„Viele Banken kommen besser als befürchtet durch die Krise!“

Hans Peter Schupp, Vorstand der Fidecum AG und Portfoliomanager des Contrarian Value Euroland Fonds, zu den Aussichten von europäischen Bankaktien

Der Konjunkturabschwung ist Realität. Damit rücken auch die Risiken der Banken immer mehr in den Blick, insbesondere das Ausmaß der drohenden Kreditausfälle. Diese können die Eigenkapitalbasis der Institute belasten, sie zu einer geringeren Kreditvergabe zwingen und so die Abwärtsspirale der Wirtschaft verstärken. Das könnte zu einem Sturm von gehörigem Ausmaß führen. Warum wir trotzdem bei Banken und generell bei Financials übergewichtet sind, hat mehrere Gründe: Zum einen sind Europas Banken besser aufgestellt als in der letzten Krise, dann sprechen die Bewertungen für Financials und nicht zuletzt die steigenden Zinsen. Aber der Reihe nach.

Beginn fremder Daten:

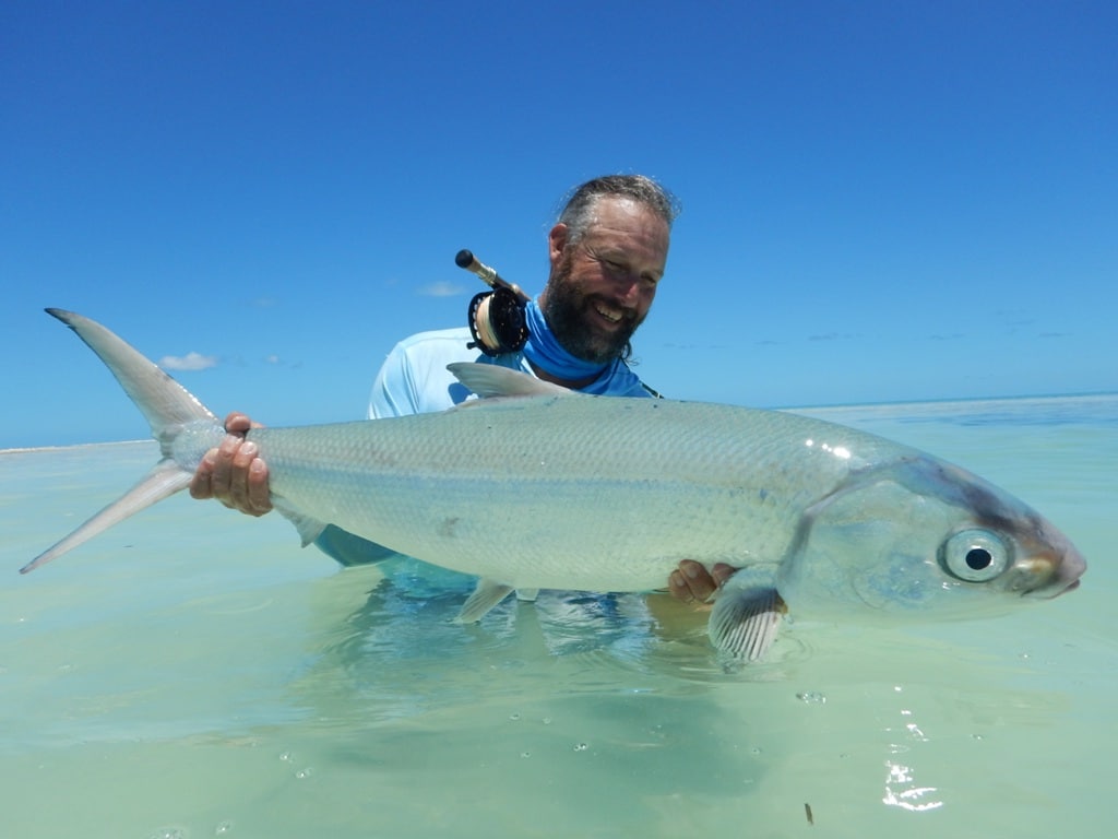 De gidsen hier weten dat precies en ze weten ook waar op welk moment de bonefish zich bevindt. Als je een school met bonefish gevonden hebt, probeer je altijd de route van de school in te schatten. Probeer nooit je vlieg in het midden van de school te werpen, dan kan je wel eens de volledige school wegjagen of verstoren. Probeer daarom altijd de vlieg op een meter of 2 van de zijkant van de school te presenteren. Tijdens het langzaam strippen met lange halen voel je de bonefish aan de vlieg nibbelen tot hij de vlieg volledig pakt. Bij het pakken van de vlieg blijf je de hengeltop laag houden en zet je de haak met een iets snellere strip en dan breekt de hel los. In een fractie van een seconde trekt de bonefish de volledige vliegenlijn van de reel en nog een heel stuk van de backing. Deze vissen zijn voor hun grootte enorm sterk en nemen verschillende runs voor je ze kan landen.

Die Rahmenbedingungen für Banken sind sehr viel besser als in der letzten Krise

Zunächst zu den Rahmenbedingungen. Die Banken im STOXX 600 Banken-Index entwickelten sich seit Jahresbeginn mit einem Minus von 9,3 Prozent rund neun Prozentpunkte besser als der breite Markt. Trotz der niedrigen erwarteten KGV-Bewertung von 6,7 – die 36 Prozent unter dem Mittel der vergangenen 20 Jahre liegt – misstrauen Investoren dem Sektor.[nbsp]Eine Börsenweisheit besagt schließlich, Kreditinstitute niemals in eine Rezession hineinzukaufen. Dies könnte im aktuellen Umfeld aber trügerisch sein.[nbsp]In den vergangen drei Monaten schraubten Analysten ihre Gewinnerwartungen für das laufende Jahr sowie für 2023 deutlich nach oben, um 8,8 beziehungsweise 5,3 Prozent. Grund dafür ist die Erwartung steigender Zinsen, die auf 6,2 Billionen Euro Einlagen anfallen und den Umsatz der Banken um rund 160 Milliarden Euro steigern werden. Gleichzeitig sind die Banken für einen Abschwung besser gewappnet als in der Vergangenheit. Wie die Deutsche Bank errechnete, liegt der Anteil notleidender Kredite Im Vergleich zu 2009 etwa 70 Prozent niedriger, während die harte Kernkapitalquote mit 15 Prozent sechs Prozentpunkte höher liegt. Zudem dürften die jetzt startenden Fiskalpakete in den Ländern der Eurozone dazu führen, dass eine richtig tiefe Rezession ausbleibt und die Kreditausfälle sich in Grenzen halten. Wir sind mit unserem „Contrarian Value Euroland Fonds“ vor allem in west- und nordeuropäische Banken und Versicherungen investiert, weil diese sich im Vergleich zu den südeuropäischen Instituten in den letzten Jahren „wetterfest“ aufgestellt haben, und so für die kommenden stürmischen Zeiten besser aufgestellt sind.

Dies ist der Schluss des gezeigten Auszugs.